* **Recorded data**:

────────────────────────────────────────

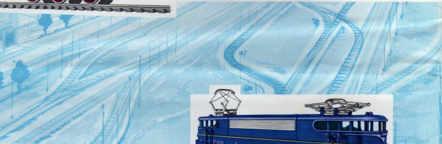
- Franse elektrische locomotief "BB serie 9200", 19,5 cm. - 9/12 Volt. Beide zijden zijn voorzien van twee koplampen welke gelijktijdig met de rijrichting automatisch worden omgeschakeld.
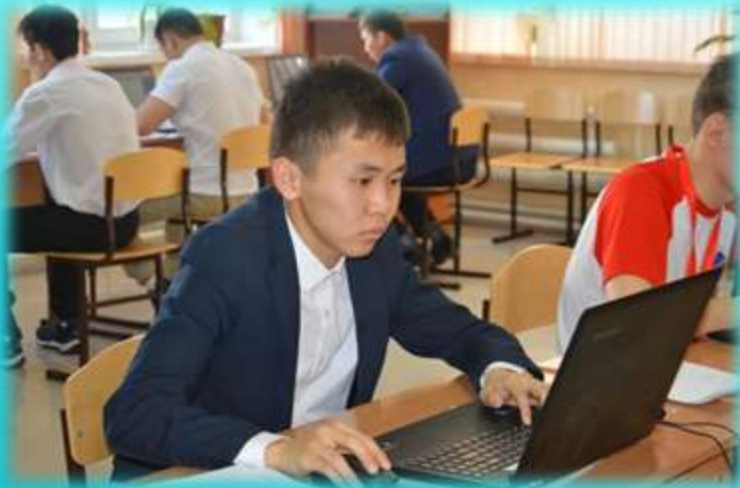
Участник Всероссийского этапа олимпиады в г. Самара
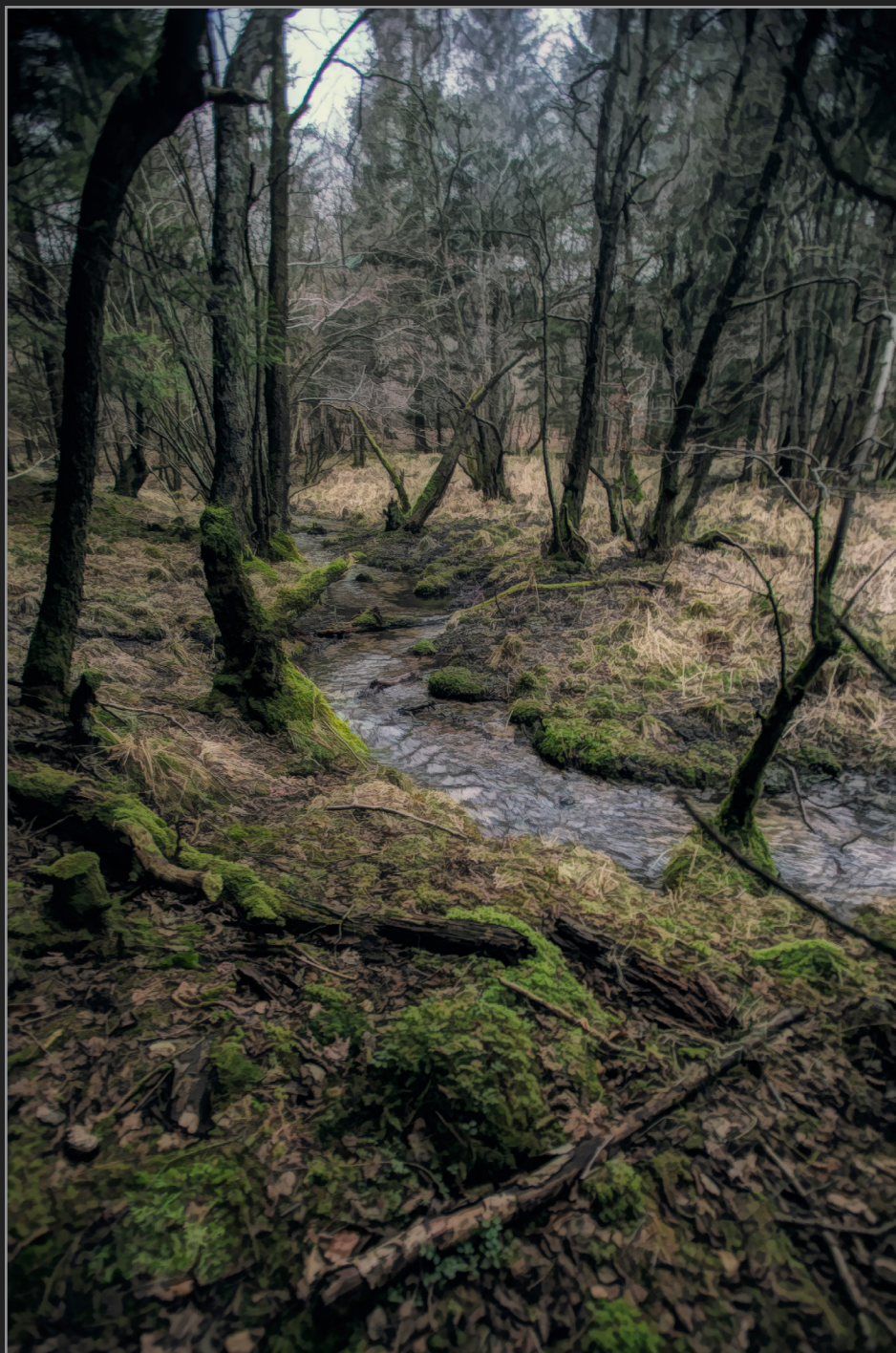
Rold Skov, december 2016

────────────────────────────────────────

* **Exercise**: Extract the lines exactly, please: the first line of the listing, the line with "Участник Всероссийского этапа", and every line between them, but no pictures.

* **Response area**:
- Franse elektrische locomotief "BB serie 9200", 19,5 cm. - 9/12 Volt. Beide zijden zijn voorzien van twee koplampen welke gelijktijdig met de rijrichting automatisch worden omgeschakeld.
Участник Всероссийского этапа олимпиады в г. Самара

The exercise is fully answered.